■ Activity: Copy everything in the listing below word for word, apart from any images.

■ Given information:

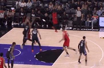 P7-9阿夫迪亚无球走位上前接球摆脱威少后顺势启动突破,小杨为了不干扰阿福攻框就地设置掩护卡住篮下护框的雷诺,阿福收球后横向上步随即一记“回头望月”反篮终结。
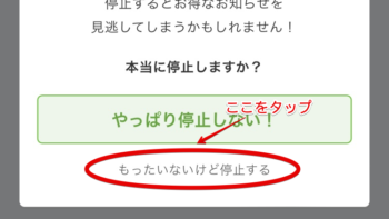 ⚠️CAUTION画面で「もったいないけど停止する」をタップ - アンケートに回答し「停止する」をタップ
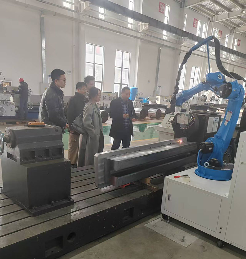 上午九點,張志芬教授一行準時抵達西安國盛激光。公司高層領導早已在公司大廳等候,雙方進行了簡短而熱情的歡迎儀式后,便正式開啟了此次交流之旅。首先,由西安國盛激光的總經理段純先生親自引導,帶領張志芬教授一行參觀了公司的研發中心、生產車間及測試中心。每到一處,張教授都仔細詢問技術細節,對國盛激光在激光熔覆、激光淬火、激光清洗及3D打印等領域的最新研究成果表現出了濃厚的興趣。每一項技術的展示都讓在場的學者們眼前一亮。特別是公司在激光增材制造(3D打印)領域取得的突破,不僅實現了復雜結構件的高效成型,還極大地提高了材料的性能和使用壽命。
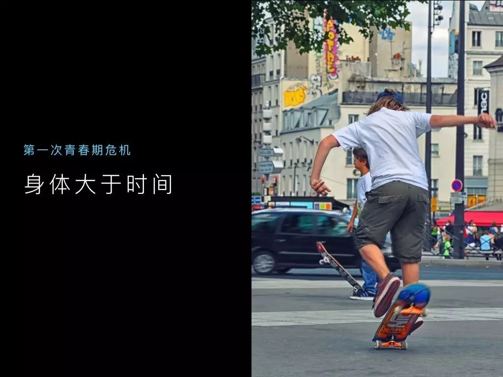 比如,12 岁到 24 岁时,你会体验第一次青春期危机,在这个时期,你的心理时钟几乎受制于社会钟。你不需要去考虑如何选择自己的时间节拍,社会已经将你安排好了。你的时间不属于你自己,你不得不按照社会和学校给你的时间安排去走。此时,你是超人,你可以连续多年,坚持早上早操;晚上自习。多年后,当你到了三十六岁时,你会觉得这是一件多么不可思议的事情,你会惊叹于自己的强大意志力(笑)。

■ Exercise result:
 P7-9阿夫迪亚无球走位上前接球摆脱威少后顺势启动突破,小杨为了不干扰阿福攻框就地设置掩护卡住篮下护框的雷诺,阿福收球后横向上步随即一记“回头望月”反篮终结。
 ⚠️CAUTION画面で「もったいないけど停止する」をタップ - アンケートに回答し「停止する」をタップ
 上午九點,張志芬教授一行準時抵達西安國盛激光。公司高層領導早已在公司大廳等候,雙方進行了簡短而熱情的歡迎儀式后,便正式開啟了此次交流之旅。首先,由西安國盛激光的總經理段純先生親自引導,帶領張志芬教授一行參觀了公司的研發中心、生產車間及測試中心。每到一處,張教授都仔細詢問技術細節,對國盛激光在激光熔覆、激光淬火、激光清洗及3D打印等領域的最新研究成果表現出了濃厚的興趣。每一項技術的展示都讓在場的學者們眼前一亮。特別是公司在激光增材制造(3D打印)領域取得的突破,不僅實現了復雜結構件的高效成型,還極大地提高了材料的性能和使用壽命。
 比如,12 岁到 24 岁时,你会体验第一次青春期危机,在这个时期,你的心理时钟几乎受制于社会钟。你不需要去考虑如何选择自己的时间节拍,社会已经将你安排好了。你的时间不属于你自己,你不得不按照社会和学校给你的时间安排去走。此时,你是超人,你可以连续多年,坚持早上早操;晚上自习。多年后,当你到了三十六岁时,你会觉得这是一件多么不可思议的事情,你会惊叹于自己的强大意志力(笑)。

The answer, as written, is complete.